There proto-sf tales covered trips beyond and into the interior of the Earth, time travel, utopian and dystopian visions and mad scientists. Edgar Allan Poe was dissatisfied with how earlier authors ignored science and plausibility, and as a consequence he brought scientific principles to his stories of fantastic adventures. This approach had a powerful influence on Jules Verne, whose writings popularised the science fiction genre throughout the world.
By the end of the 19th century, the rise in literacy and cheap newspapers and magazines meant that ‘scientific romances’ could reach a mass audience. In this environment, the writings of H.G. Wells and Arthur Conan Doyle found a ready market.
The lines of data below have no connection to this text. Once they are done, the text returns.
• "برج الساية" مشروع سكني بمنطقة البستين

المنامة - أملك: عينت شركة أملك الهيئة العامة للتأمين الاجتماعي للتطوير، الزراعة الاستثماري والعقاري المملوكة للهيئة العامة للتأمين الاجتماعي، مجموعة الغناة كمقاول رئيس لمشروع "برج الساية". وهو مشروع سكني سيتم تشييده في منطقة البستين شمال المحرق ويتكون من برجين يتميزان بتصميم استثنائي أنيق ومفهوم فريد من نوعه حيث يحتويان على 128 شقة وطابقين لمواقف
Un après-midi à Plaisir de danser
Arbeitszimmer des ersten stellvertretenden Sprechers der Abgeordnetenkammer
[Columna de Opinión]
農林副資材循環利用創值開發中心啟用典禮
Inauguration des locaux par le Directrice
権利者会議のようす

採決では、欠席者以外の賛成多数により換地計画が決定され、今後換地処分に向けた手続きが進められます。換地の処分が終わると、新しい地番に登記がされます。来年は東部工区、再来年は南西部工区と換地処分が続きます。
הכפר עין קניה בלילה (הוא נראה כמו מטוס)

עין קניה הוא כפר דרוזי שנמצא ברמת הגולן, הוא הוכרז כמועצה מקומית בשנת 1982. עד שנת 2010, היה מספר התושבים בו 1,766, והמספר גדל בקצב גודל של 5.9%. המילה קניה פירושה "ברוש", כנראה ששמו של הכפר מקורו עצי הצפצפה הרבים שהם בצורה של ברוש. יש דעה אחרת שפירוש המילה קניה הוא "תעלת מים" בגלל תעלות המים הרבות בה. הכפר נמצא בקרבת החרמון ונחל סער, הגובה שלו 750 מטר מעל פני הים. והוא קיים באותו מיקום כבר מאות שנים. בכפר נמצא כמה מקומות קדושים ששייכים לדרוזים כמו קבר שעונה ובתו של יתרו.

As technology made so many changes to everyday life, sf was a means of understanding and speculating about their impact on our existence. The late 19th century also saw sf writers in Japan, China, India, Latin America and Russia dealing with these topics in the shadow of European and US science fiction.
It was with Hugo Gernsback and his pulp magazine Amazing Stories, in the 1920s, that the term science fiction became used to describe scientifically accurate stories of prophesy and adventure. Intriguingly, general fiction magazines published more sci-fi than specialist magazines because they paid higher rates.
The book covers how sf progressed to its Golden Age of the 1940s, the New Wave of the 1960s and how it has coped with what Gerry Canavan in his chapter New Paradigms, After 2001 calls, “thwarted futurity” in our new millennium.
Poe, Verne and Wells are certainly milestones in the history of sf literature, yet this book shows that they are part of a standardised history and there were parallel developments throughout the world, and works by authors who have not been regarded as worthy, or are marginalised by strict definitions of what sf is or is not. Each chapter contains references and what to read next to open us up to new or forgotten treasures of science fiction. A handy volume essential for anyone with a love of sf history or who wants a guide to the subject.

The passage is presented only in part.